| WHAT NEEDS TO BE DONE |
Would you return the lines between the one holding "メガシンカexがきぜつしたとき、相手はサイドを3枚とる。 | ||" and the one holding "Active dry yeast", inclusive, and only those, exactly as they stand in the listing below?

| SOURCE DATA |
────────────────────────────────────────

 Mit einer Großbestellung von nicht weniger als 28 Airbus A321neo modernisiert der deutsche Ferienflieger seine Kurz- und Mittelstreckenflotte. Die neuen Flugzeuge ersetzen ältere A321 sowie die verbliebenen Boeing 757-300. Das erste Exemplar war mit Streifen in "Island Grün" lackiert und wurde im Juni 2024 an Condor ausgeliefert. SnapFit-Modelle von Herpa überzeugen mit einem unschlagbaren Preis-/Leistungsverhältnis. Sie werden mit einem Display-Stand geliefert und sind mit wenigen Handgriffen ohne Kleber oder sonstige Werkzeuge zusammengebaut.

────────────────────────────────────────

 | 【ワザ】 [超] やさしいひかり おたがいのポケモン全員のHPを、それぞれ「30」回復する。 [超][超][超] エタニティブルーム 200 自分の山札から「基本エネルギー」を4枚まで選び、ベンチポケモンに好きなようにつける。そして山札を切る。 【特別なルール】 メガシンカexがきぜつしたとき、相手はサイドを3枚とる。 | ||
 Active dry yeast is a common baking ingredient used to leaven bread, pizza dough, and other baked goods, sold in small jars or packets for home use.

────────────────────────────────────────

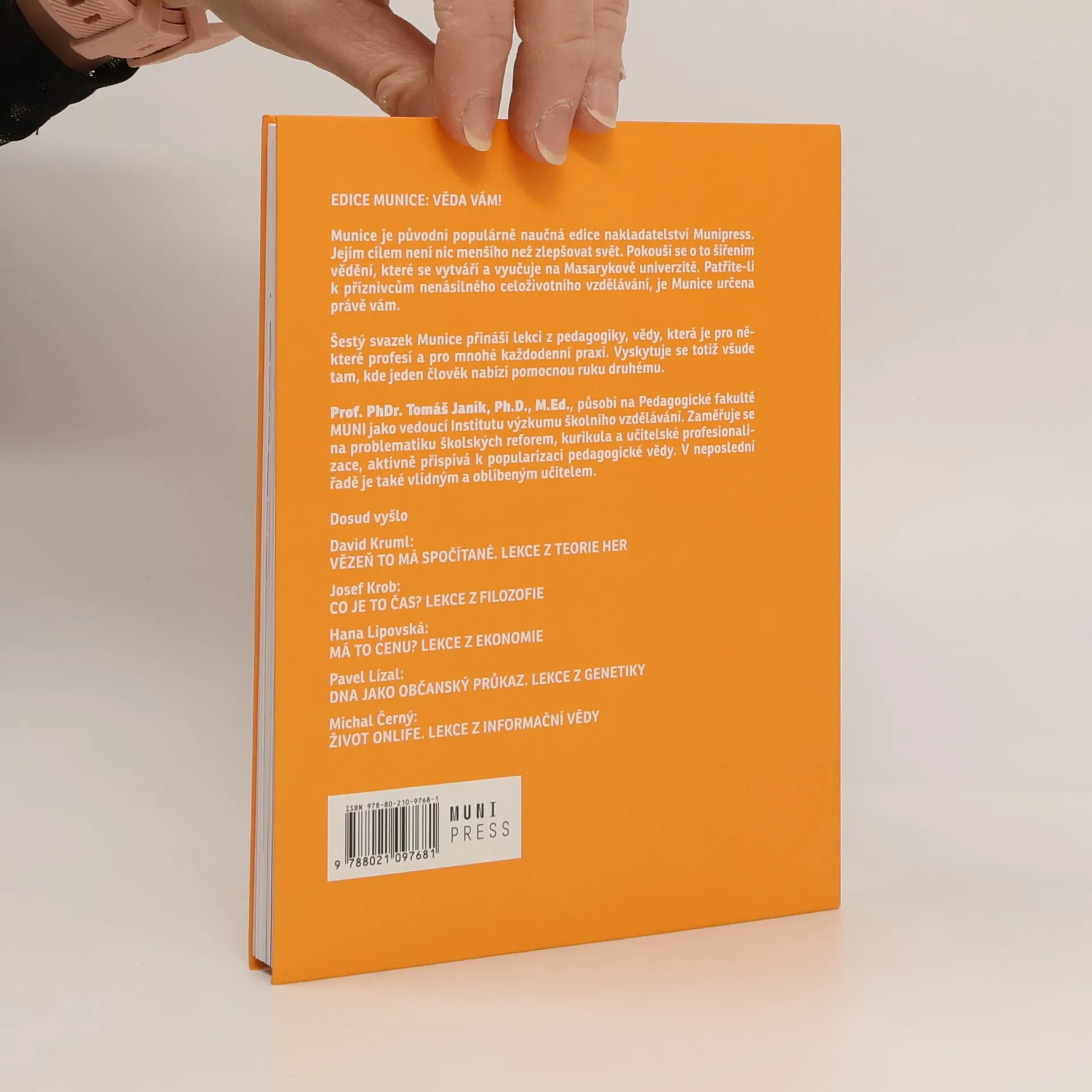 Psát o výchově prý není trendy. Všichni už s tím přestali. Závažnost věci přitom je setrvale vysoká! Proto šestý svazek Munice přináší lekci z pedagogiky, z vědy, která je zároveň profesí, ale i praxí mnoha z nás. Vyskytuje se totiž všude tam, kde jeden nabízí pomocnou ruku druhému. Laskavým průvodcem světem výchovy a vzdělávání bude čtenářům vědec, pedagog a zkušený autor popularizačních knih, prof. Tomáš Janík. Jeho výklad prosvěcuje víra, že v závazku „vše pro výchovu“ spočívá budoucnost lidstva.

────────────────────────────────────────

| EXPECTED ANSWER |
 | 【ワザ】 [超] やさしいひかり おたがいのポケモン全員のHPを、それぞれ「30」回復する。 [超][超][超] エタニティブルーム 200 自分の山札から「基本エネルギー」を4枚まで選び、ベンチポケモンに好きなようにつける。そして山札を切る。 【特別なルール】 メガシンカexがきぜつしたとき、相手はサイドを3枚とる。 | ||
 Active dry yeast is a common baking ingredient used to leaven bread, pizza dough, and other baked goods, sold in small jars or packets for home use.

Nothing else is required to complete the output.